By analyzing existing cross correlation between Touchstone Ultra Short and Goldman Sachs Large, you can compare the effects of market volatilities on Touchstone Ultra and Goldman Sachs and check how they will diversify away market risk if combined in the same portfolio for a given time horizon. You can also utilize pair trading strategies of matching a long position in Touchstone Ultra with a short position of Goldman Sachs. Check out your portfolio center. Please also check ongoing floating volatility patterns of Touchstone Ultra and Goldman Sachs.
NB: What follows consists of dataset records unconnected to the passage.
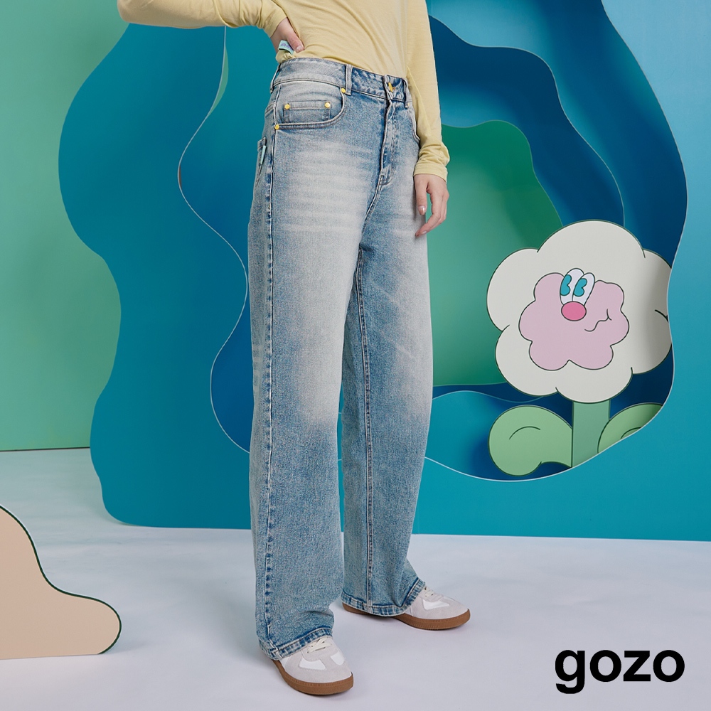 【gozo】gozoxKINGJUN蠢兔在口袋水洗直筒牛仔褲(藍色_S/M/L) | 女裝 顯瘦 百搭 牛仔褲藍色,S|藍色,M|藍色,Lgozo 品牌旗艦店
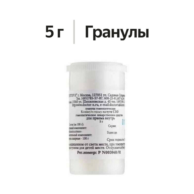 Активные вещества: Conium maculatum /Conium/ (Кониум макулатум) С30, вспомогательные вещества: гранулы сахарные - 100 г.
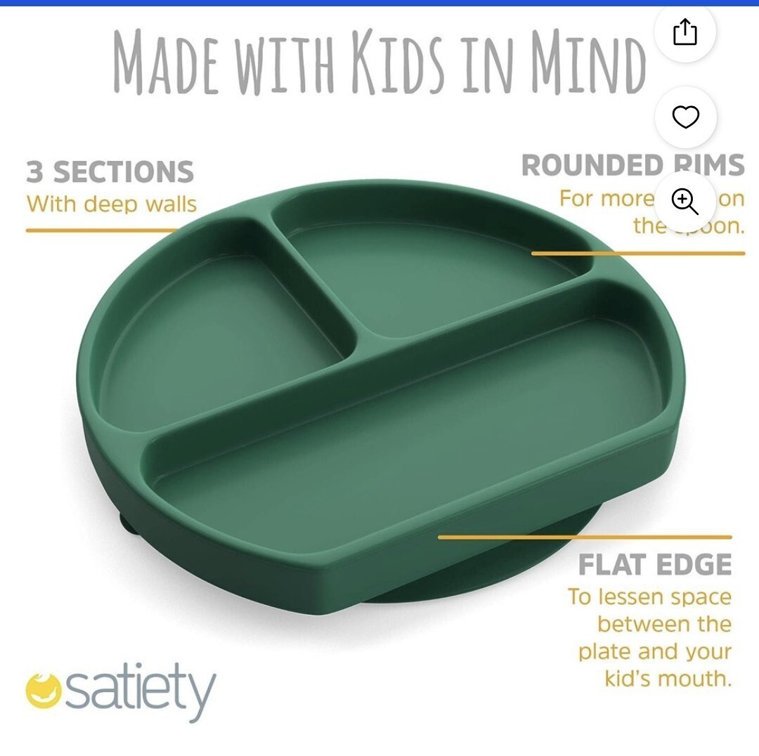 First Stage toddler plate With Suction Feeding Supplies for Kids, Microwave Dishwasher Safe Green
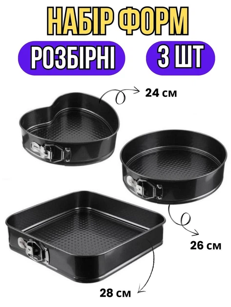 Набір фігурних роз’ємних форм для випікання Unique 3 шт: кругла, квадратна та у формі серця, металеві з антипригарним покрит
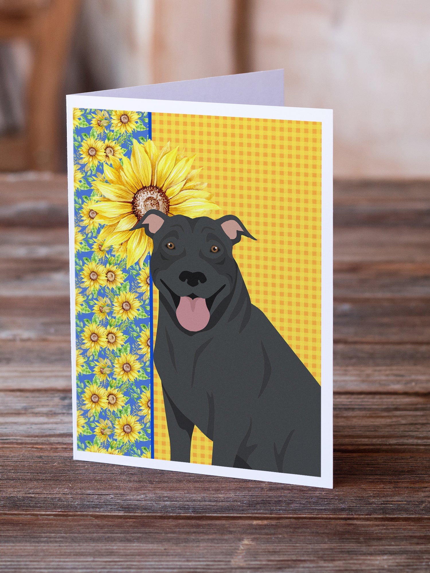Summer Sunflowers Black Pit Bull Terrier Greeting Cards -  Blank Note Cards – 8-Pack of Artist-Designed Cards with Envelopes
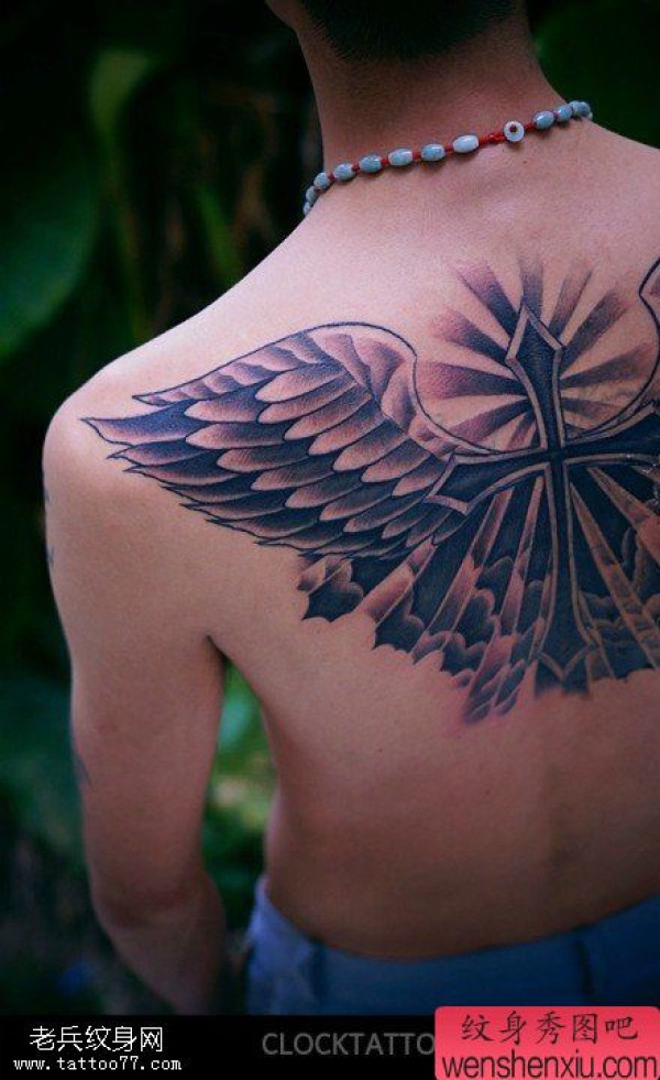 背部十字架翅膀文身图片纹身图吧分享
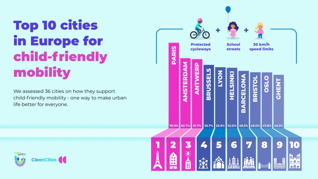 เมื่อช่วงปลายปี 2025 ที่ผ่านมาองค์กร Clean Cities Campaign ได้เผยแพร่ข้อมูล 10 เมืองยุโรปที่มีวิถีจราจรที่เป็นมิตรกับเด็กมากที่สุด (Top Cities in Europe for child-friendly mobility) การจัดอันดับครั้งนี้เมืองปารีสทำคะแนนได้ถึงกว่า 78.9% แซงหน้าอัมสเตอร์ดัมซึ่งครองอันดับ 2 และอีกหลายเมืองชั้นนำ และนั่นทำให้ปารีสได้ฉายาว่าเป็นเมืองจักรยานที่ดีที่สุดในโลกทันที หากย้อนกลับไปแค่ช่วงเวลา 10 กว่าปีที่แล้วปารีสยังคงเป็นเมืองที่มีการจราจรแอดอัด ถนนหนทานเต็มไปด้วยรถยนต์ อากาศเต็มไปด้วยมลพิษ การเคารพกฎจราจรหย่อนยาน ตลอดจนระบบจราจรและการเดินทางด้วยยานพาหนะต่าง ๆ โดยเฉพาะจักรยานนั้นไม่ปลอดภัยสำหรับเด็กเอาเสียเลย ทว่าปัญหาในวันนั้นนำมาสู่การเปลี่ยนแปลงในวันนี้ที่ไม่ได้เกิดขึ้นโดยบังเอิญแต่เป็นการวางแผนปรับปรุงเมืองอย่างจริงจัง
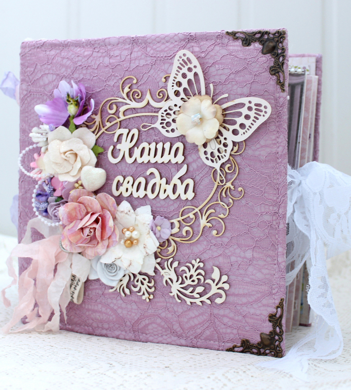 Альбомы СвадебныеПривет всем) А я к вам со свадебным альбомом в сиренево-розовых тонах) Формат альбома 20х20, толщина альбома 11 см, на 6 разворотов ( 12 страниц+ дополнительная откидная страница), рассчитан на 60 фотографий. Кружевная обложка, множество цветов Prima, чипборда, кружевных элементов, лент и др. украшений. Альбом есть в наличии)
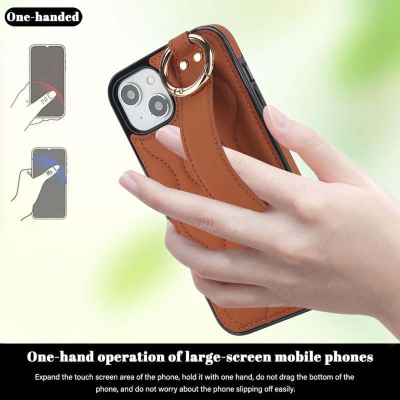 For iPhone 13 Non-slip Full Coverage Ring PU Phone Case with Wristband(Brown)
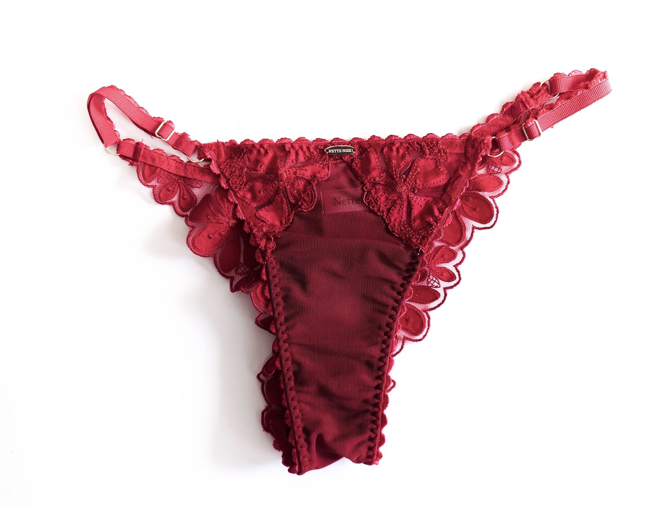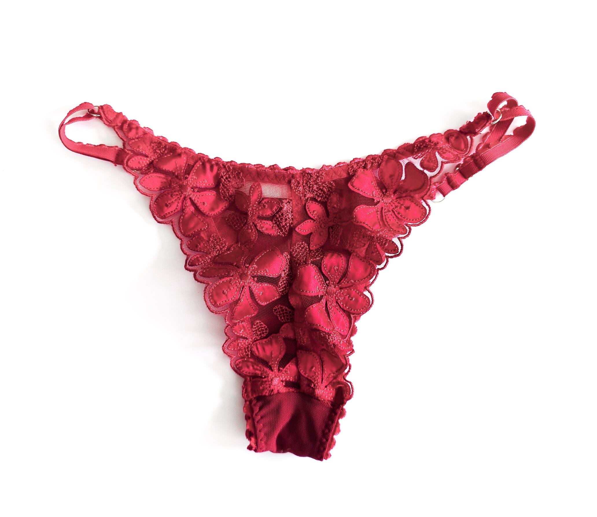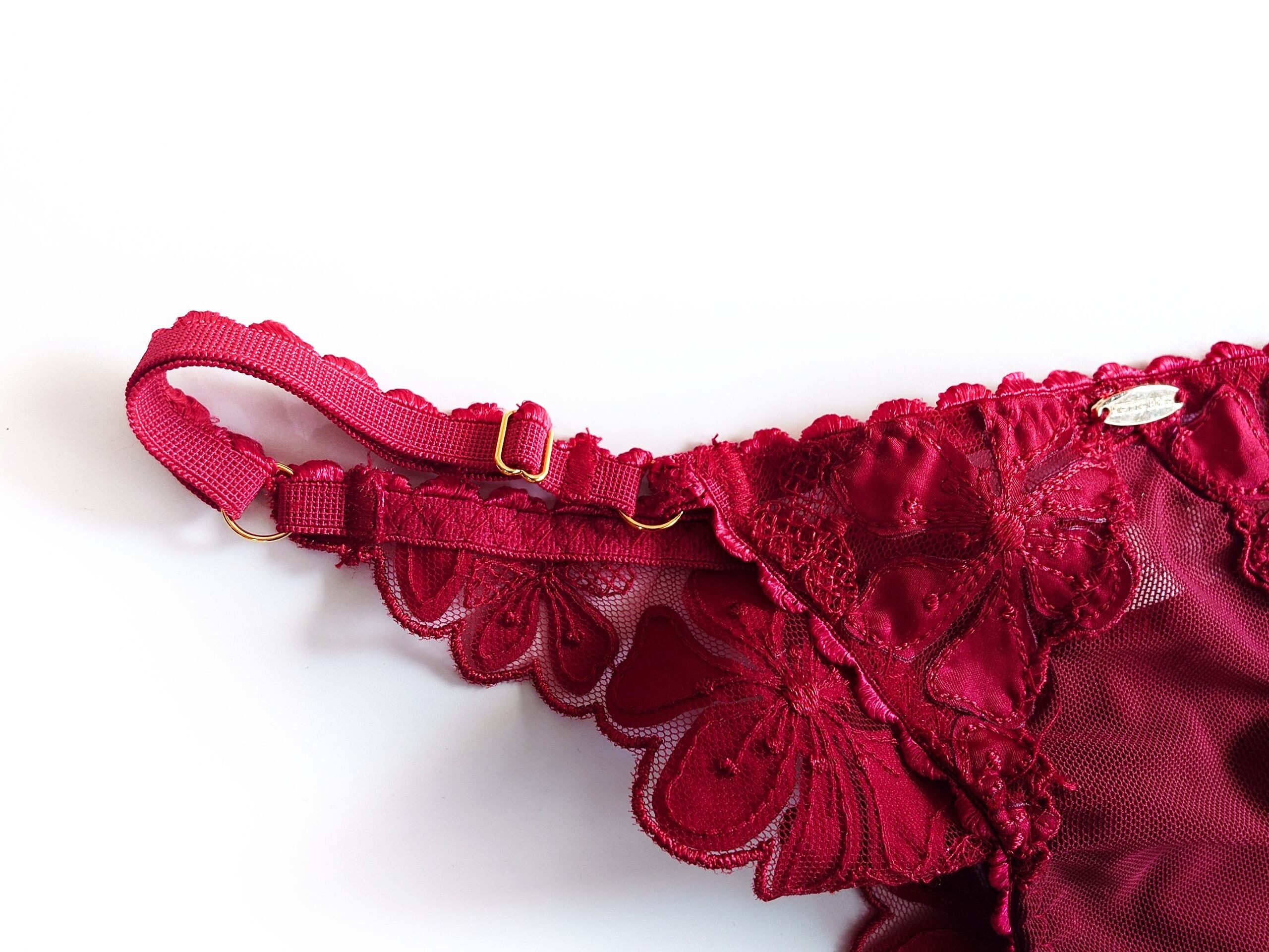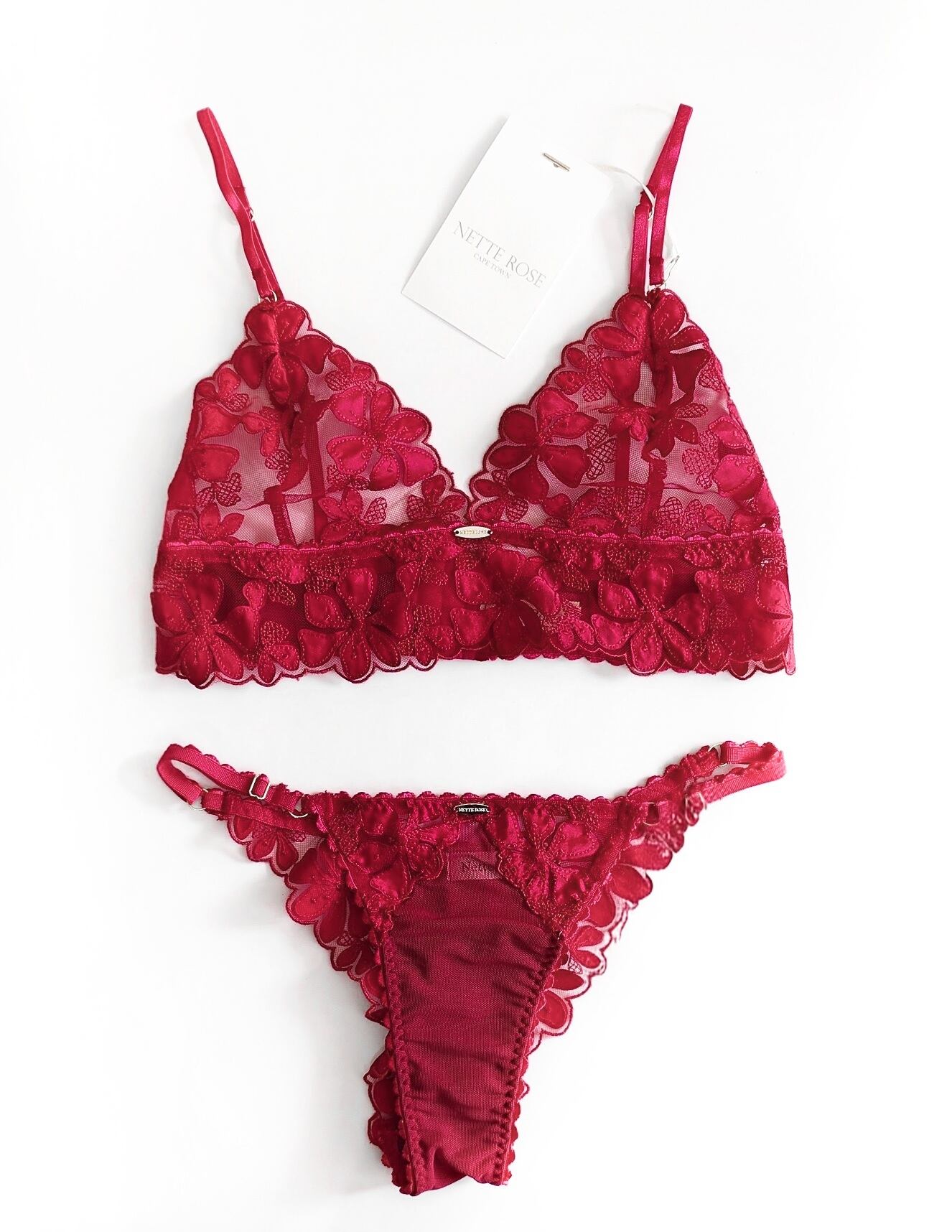 情熱的な深紅のチュールに同色の刺繍&縫い付けたサテンのアップリケで花柄を作り出したミドル丈ノンワイヤーブラレット。
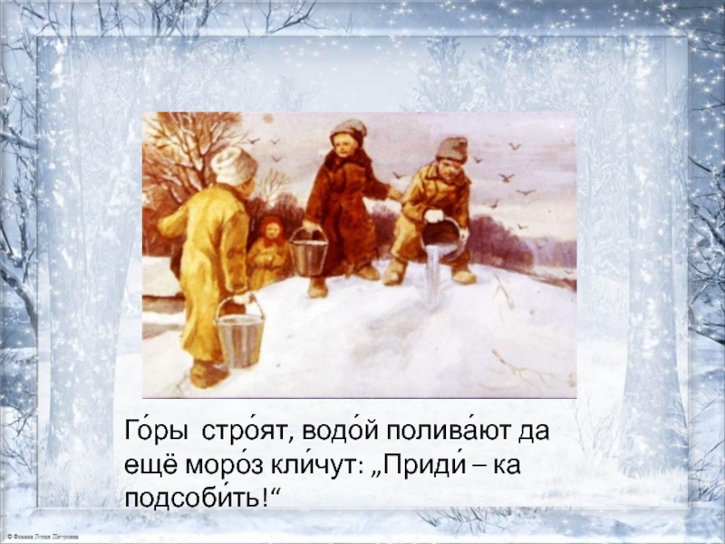 Слайд 29Го́ры стро́ят, водо́й полива́ют да ещё моро́з кли́чут: „Приди́ – ка
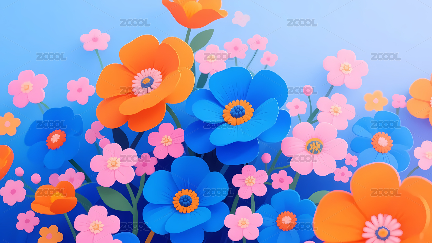 蓝色渐变多彩花朵
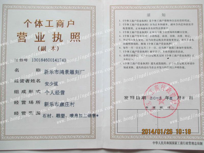 營業執照是榮譽資質的一種分類。石家莊鴻景不銹鋼雕塑廠專業制作各種營業執照,如有需要營業執照歡迎聯系我們,我們免費為您提供營業執照圖片,營業執照價格等相關信息。營業執照圖片由石家莊鴻景不銹鋼雕塑廠2014年09月22日上傳,歡迎撥打鴻景雕塑公司電話,我們為您提供更多的營業執照資料信息。石家莊鴻景不銹鋼雕塑廠推薦查看跟營業執照相關的產品信息:
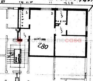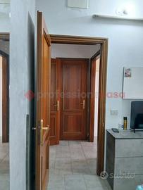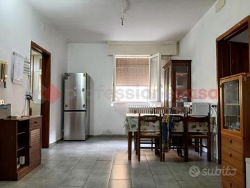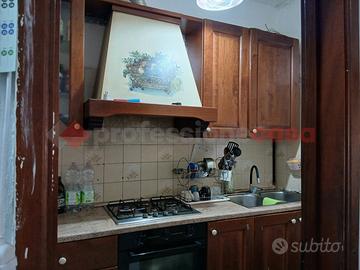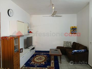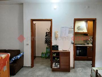 L'immobile, al 1° piano senza ascensore, è così disposto: ingresso, soggiorno singolo con cucinotto, 2 camere da letto, di cui una matrimoniale e una tre quarti, un bagno ed un garage al piano terra.
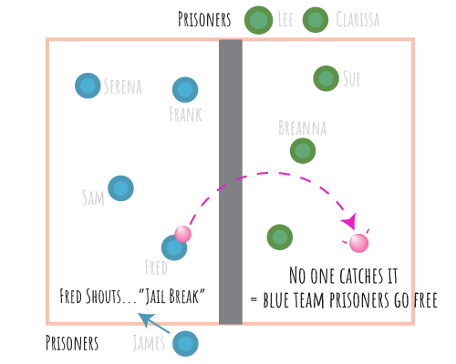 JAIL BREAK: If a player calls “Jail Break” and the ball lands on the ground on the opponent’s side, all their imprisoned teammates return to the game.

Diversification Opportunities for Touchstone Ultra and Goldman Sachs

0.84
  Correlation Coefficient

Very poor diversification

The 3 months correlation between Touchstone and Goldman is 0.84. Overlapping area represents the amount of risk that can be diversified away by holding Touchstone Ultra Short and Goldman Sachs Large in the same portfolio, assuming nothing else is changed. The correlation between historical prices or returns on Goldman Sachs Large and Touchstone Ultra is a relative statistical measure of the degree to which these equity instruments tend to move together. The correlation coefficient measures the extent to which returns on Touchstone Ultra Short are associated (or correlated) with Goldman Sachs. Values of the correlation coefficient range from -1 to +1, where. The correlation of zero (0) is possible when the price movement of Goldman Sachs Large has no effect on the direction of Touchstone Ultra i.e., Touchstone Ultra and Goldman Sachs go up and down completely randomly.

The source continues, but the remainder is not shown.